As global big tech strengthens its dominance in the generative artificial intelligence (AI) market, the Fair Trade Commission has taken action. The goal is to curb monopolistic practices of global corporations and establish a fair competitive order. The Fair Trade Commission plans to initiate legal and institutional improvements next year to create a fair competition environment, focusing on data monopolies and mergers.
According to the report "Generative AI and Competition," recently published by the Fair Trade Commission on the 22nd, the commission analyzed that generative AI provides "economies of scale" favorable to initially leading corporations due to the substantial capital and data access required. This market structure serves as a significant entry barrier for latecomers, widening the gap over time, according to the commission's assessment.
This report was compiled to examine potential unfair competition and consumer harm in the generative AI market, which has gained attention since the advent of ChatGPT, and to identify policy tasks to address these issues.
In the AI semiconductor market, Nvidia holds a dominant position, followed by global corporations such as Intel and AMD. Domestic companies like Sapeon Korea, Rebellion, and FuriosaAI have entered the competition, but the Fair Trade Commission evaluated that the gap in technology and capital with global big tech remains significant. This is not just a technological disadvantage but a structural issue stemming from market dominance, which acts as a barrier to the development of the domestic AI industry, the commission added.
The Fair Trade Commission also noted similar patterns in the cloud infrastructure market. While global corporations like Amazon Web Services (AWS), Microsoft, and Google dominate the global market, domestic corporations such as Naver Cloud and KT Cloud face difficulties in expansion due to a lack of technology and capital. This environment confines domestic corporations to competition in specific areas rather than competing in the global market, the commission pointed out.
The Fair Trade Commission sees a possibility that the monopolistic practices of global big tech could also negatively impact consumers. This is due to the potential restrictions on data access rights, bundled sales of essential resources, and unilateral setting of transaction conditions that could make market entry more challenging for latecomers. This could lead to a reduction in consumer choices and rising service prices.

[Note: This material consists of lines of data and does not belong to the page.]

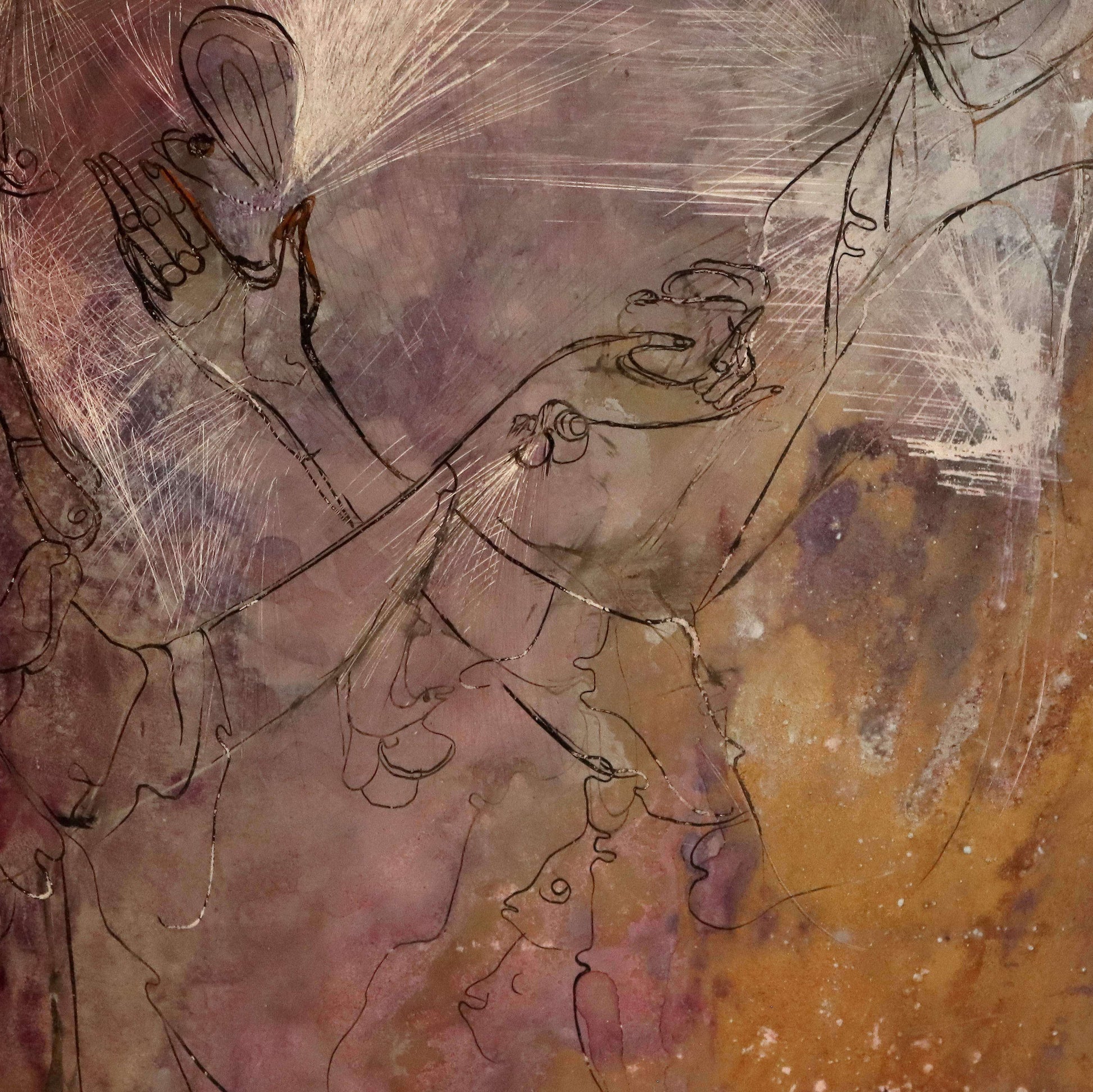 Das Werk lebt von den typischen Kontrasten Meusers: zarte Violett- und Grautöne, durchzogen von goldenen Akzenten, die sich über die Oberfläche ziehen wie Erinnerungen an vergangene Träume. Durch das Schichten, Kratzen und Neu-Lasieren der Farbe entsteht eine Oberfläche von fast magischer Tiefe – die Mono Sgraffito-Technik wird hier zum Träger innerer Bewegung.
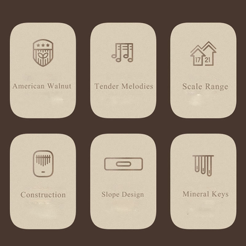 - PD: 1. Tu Kalimba será diferente a la que se muestra en la imagen. Debido a las propiedades naturales de la madera, cada Kalimba es única.
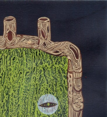 DETALLE DE OBRA. “ESPIRITU DE HUMEDAD DE DESEOS, CON PIEL DE CORTEZA, TALLADA EN FANTASIAS INVERTIDAS”. Acrílico + Tinta China + marcador sobre papel negro. 12 X 17 cm. 2012
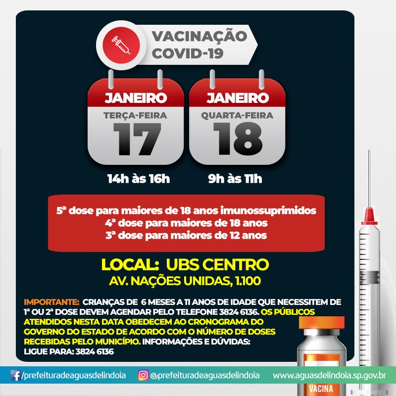 A Secretaria de Saúde de Águas de Lindoia aplica a quinta dose da vacina contra a Covid-19 para pessoas imunossuprimidas maiores de 18 anos no município com atendimento na Unidade de Saúde do Centro (Dr. José Egídio Alvarenga – Av. Nações Unidas, 1100).
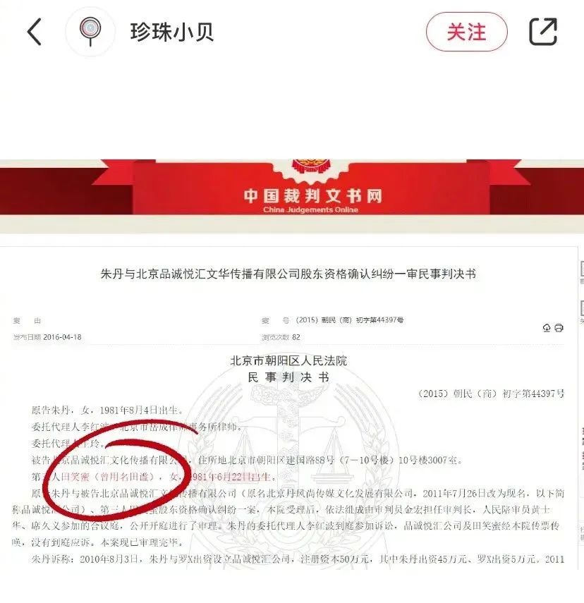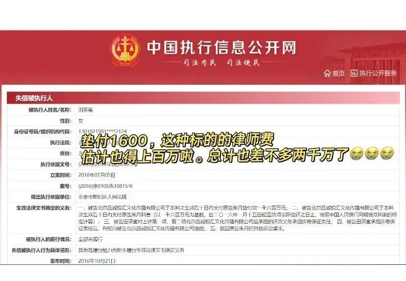 骗她的前闺蜜被判支付朱丹垫付款一千六百万未履行被列为失信人的执行单

Lee Jun-heon, director of the Fair Trade Commission's market surveillance policy division, noted, "We are reviewing a gradual improvement direction through subordinate regulations or notices rather than independent legal amendments," and added, "We plan to publish a policy report focused on the AI data market next year."
The Fair Trade Commission believes it is necessary to regulate new types of mergers beyond traditional forms. Existing merger regulations have been limited to traditional forms such as stock acquisitions or mergers, but global big tech is judged to be enhancing market dominance through various means such as technology licenses, asset sharing, and partnerships. The United Kingdom has already included non-traditional mergers as a subject for regulation, and the commission is considering improvements to the domestic legal system with reference to this.
Accordingly, the Fair Trade Commission is expected to closely monitor related activities centered on the vertical integration and strengthening of market dominance by global big tech. In particular, actions by big tech corporations in the AI industry that combine technology platforms and key resources to exclude competitors or promote favorable conditions for their services may become subject to sanctions. Activities such as restricting competitors' entry by combining operating systems (OS) and AI technology or setting transaction conditions using technology licenses are representative areas likely to be scrutinized.
The Fair Trade Commission also plans to closely monitor activities that raise concerns about competition restrictions in the domestic AI ecosystem. In particular, it sees potential issues if consent from copyright holders is not clearly obtained in the process of collecting data for generative AI development, or if consumers are not fully aware even if this is included in the terms and conditions.
Earlier, the German competition authority imposed corrective measures on Facebook in 2019. The German authority judged that Facebook's actions of collecting and using user data based on service terms constituted an abuse of its dominant market position. In this process, it was determined that the content specified in the terms was neither sufficiently understood nor agreed upon by consumers, and corrective measures were issued to amend the data collection and use methods accordingly. The Fair Trade Commission plans to refer to the German case to closely examine consumer consent procedures and the content of terms and conditions in domestic data utilization processes.
Experts say that a regulatory framework by the Fair Trade Commission is necessary as the AI market is rapidly evolving. Professor Lee Jeong-hee of Chung Ang University's Department of Economics noted, "While the AI market is expanding, it is like a road without traffic lights," adding, "There may always be opposition to regulatory strengthening, but regulatory gaps could lead to greater side effects, so guidelines are necessary."